Se não são amplamente referidos e discutidos estudos sobre o quão mais "palavrosas" são as mulheres face aos homens em reuniões, são-no os que apresentam e discutem dados sobre a desigualdade de género e os impactos desiguais da pandemia. Os que por cá demonstram que as mulheres são particularmente impactadas pela crise COVID-19 e pelas questões socioeconómicas a ela associadas, nomeadamente quando: as mulheres representam 82% das pessoas que requerem o apoio excepcional resultante do encerramento dos estabelecimentos educativos; existe maior precariedade e sobrerepresentação das mulheres em sectores mais atingidos pela crise, gerando maior perda de rendimento e de emprego; por estarem mais expostas a períodos de desemprego prolongado e ao desencorajamento associado, as mulheres "caem" mais em situações de inactividade, saindo do "radar" dos apoios.

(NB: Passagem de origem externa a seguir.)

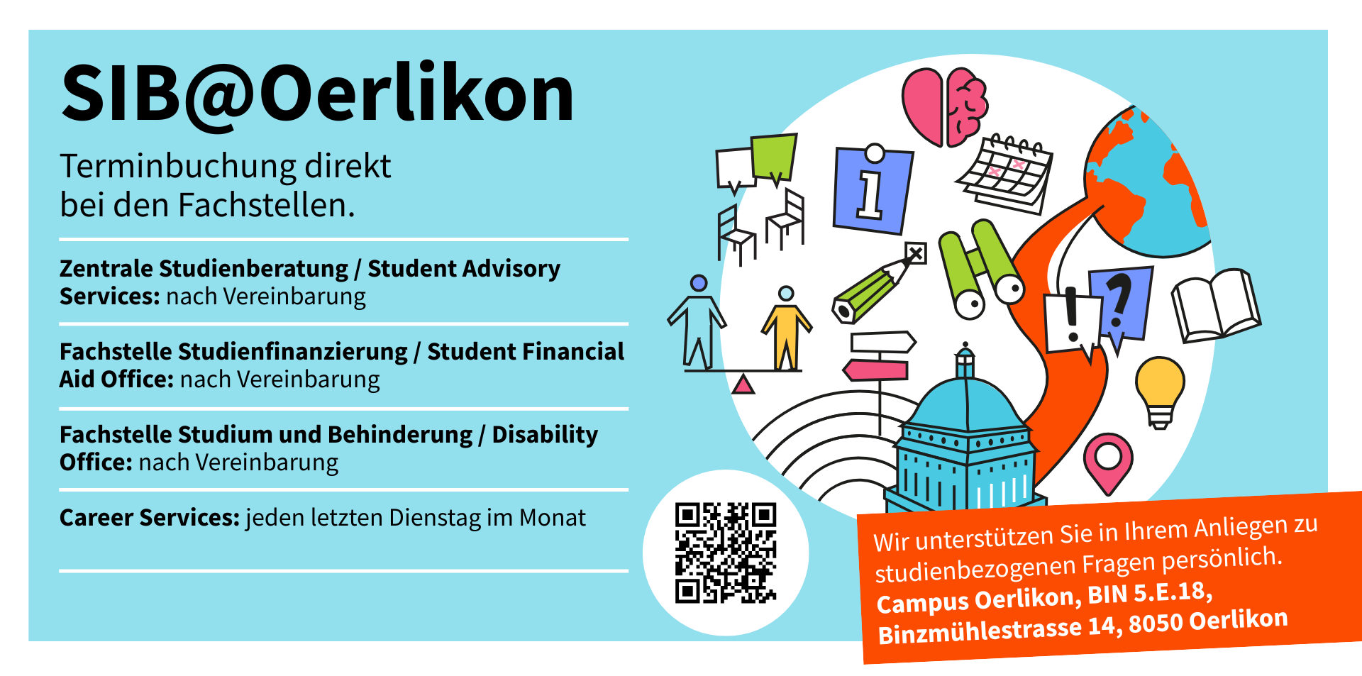 Die Fachstellen der Abteilung Studieninformation und Beratung (SIB) sind auch am Campus Oerlikon präsent:

Mas também os que demonstram, Mundo fora, o impacto desigual da pandemia na produção científica; que apenas 1 em cada 15 pessoas têm uma mulher como líder política; ou que a prestação de cuidados não remunerados e as situações de violência, tráfico e exploração das mulheres aumentaram significativamente como aumentou o abandono escolar precoce feminino como consequência da pandemia. Finalmente outros revelam que, aqui e pelo Mundo, a força de trabalho na saúde, mas também na educação e na área social/comunitária, fortemente expostas e impactadas pela pandemia, é maioritariamente feminina e que, nesta crise que vivemos, as mulheres (face aos homens), apresentam maior sofrimento psicológico, ansiedade, stress e depressão. Crise que, não se limitou a impactar mais as mulheres, inverteu a recuperação a que se assistia, acrescentando mais desigualdade à desigualdade que existia, e mais anos ou décadas às décadas que ainda dista(va)m de caminho pela igualdade.

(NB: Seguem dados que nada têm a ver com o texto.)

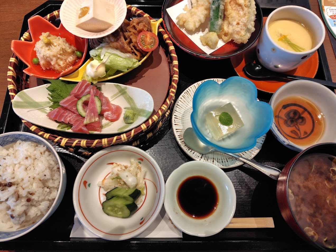 幅広い年代に人気の木曽路でも株主優待が使える。写真は平日ランチの籠盛定食、茶碗蒸し付き(税込1,650円)。

Nesta, como noutras crises, a recuperação do país e do Mundo implica recuperarmos as pessoas e recuperar as pessoas implica garantirmos-lhes mais condições e recursos (internos e externos) para lidar e enfrentar novos desafios e crises. Implica pessoas, mas também comunidades, países e um Mundo mais resiliente. Isto torna essencial que no esforço de recuperação se atente a vulnerabilidades específicas de grupos populacionais e se adopte uma atitude empenhada no sentido da diminuição das desigualdades, de género mas não apenas. Ao retrocesso com a pandemia deve corresponder um convicto investimento em 4 áreas essenciais à mitigação desta desigualdade: o investimento na educação, literacia e na saúde psicológica da população, garantindo o desenvolvimento de competências sócio-emocionais e maior abertura à/ao outra/o como princípio para uma sociedade mais equitativa, coesa e resiliente; legislação, que estimule a promoção da igualdade, mais suportada em ciência (e nas ciências comportamentais) e mais responsiva às múltiplas dimensões envolvidas na tomada de decisão (incluindo os enviesamentos cognitivos); maior reconhecimento da necessidade de compensação adequada do trabalho socialmente útil; e uma representação política e social igualitária.

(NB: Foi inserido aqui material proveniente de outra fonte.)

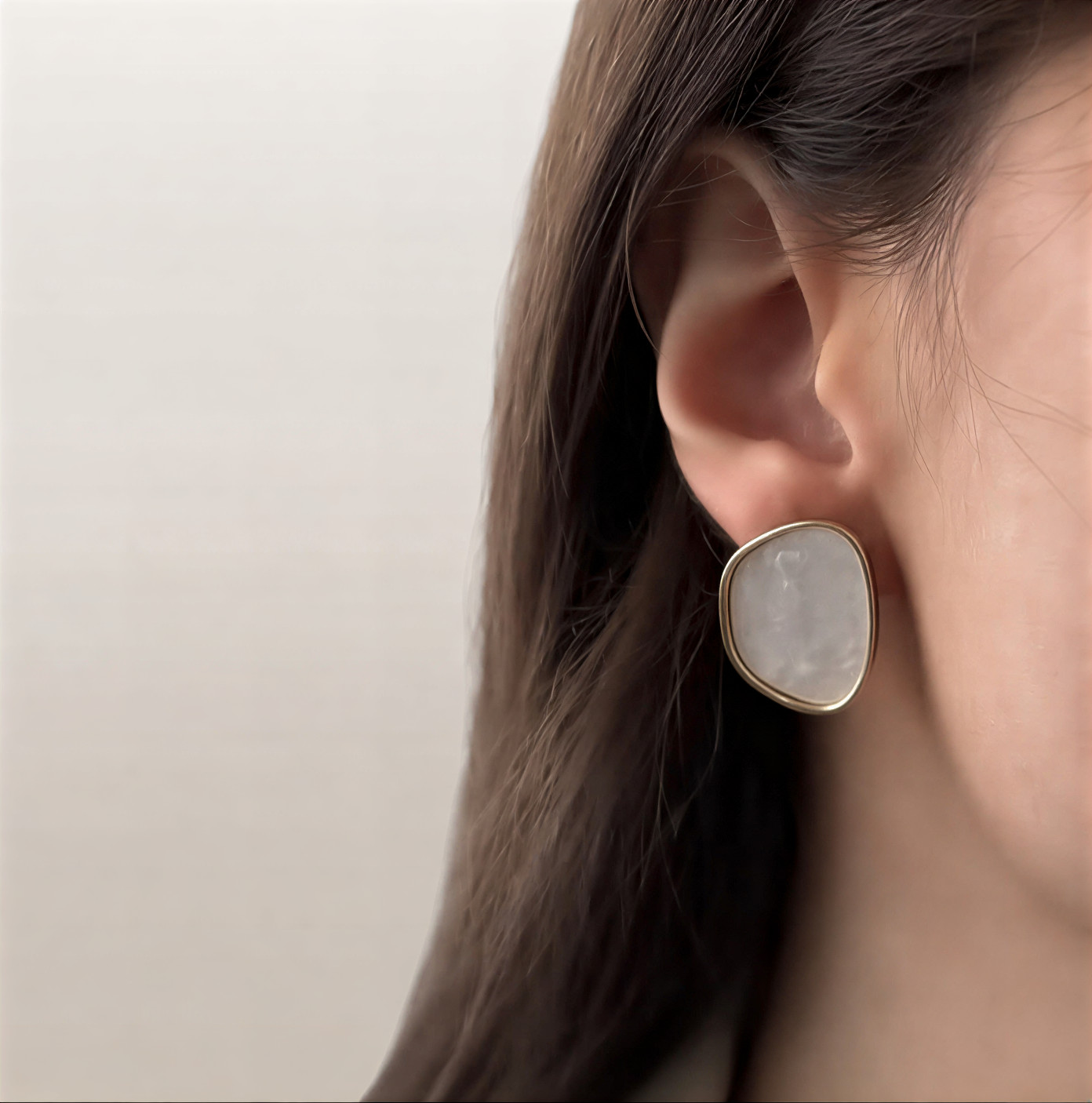 گوشواره رزینی مینیمال و مدرن سفید طلایی ساده و شیک

Serei e seremos, em breve e pela segunda vez, mãe e pai. À constante pergunta que lhe é feita ("Como conseguirás conciliar tudo?") corresponde a constante ausência dessa mesma pergunta a mim. Reflicto, reflictamos, (n)o que isso impacta... (N)o que isso significa... Aqui e ali, no Mundo ao redor, há pessoas que, como eu, cresceram, desenvolveram-se e partilham a vida com mulheres (para si) muito importantes e relevantes (obrigado!). No meu caso, via acasos e escolhas, saí de uma Escola Secundária de nome Maria Lamas rumo a uma profissão (psicóloga/o) feita principalmente por e de mulheres, celebrando cada 8 de Março como uma oportunidade de dar a conhecer o que já se conquistou na igualdade de género, inspirando e motivando mais pessoas para este desafio e através dele para outros onde a desigualdade ainda vence. Mas... Porque só a ela o perguntam? Que a celebração deste dia sublinhe o caminho que ainda há por percorrer e incentive a que o percorramos, juntas/os.
Fazer a nossa parte depende de os cumprirmos, através das nossas acções, contributo para acções de quem nos rodeia e para instituições que assentem nesses valores e que tenham a confiança da população para os prosseguirem, mesmo nos períodos em que isso possa ser mais difícil e desafiante.
Ferramentas simples como programar envios de emails ou de outras comunicações ou agendar reuniões onde se parte de um memorando já feito ajudam a "despacharmos" trabalho e são um importante contributo que, se todos adoptássemos mais, apoiaria significativamente a possibilidade de conciliação de todos
É estranho que, nas inúmeras e longas reflexões que vejo serem realizadas sobre a quebra de resultados escolares das crianças e adolescentes em indicadores internacionais ou em provas de aferição, raras vezes se discutam os níveis de bem-estar e o impacto que têm no seu envolvimento, motivação, nas aprendizagens e no seu desempenho.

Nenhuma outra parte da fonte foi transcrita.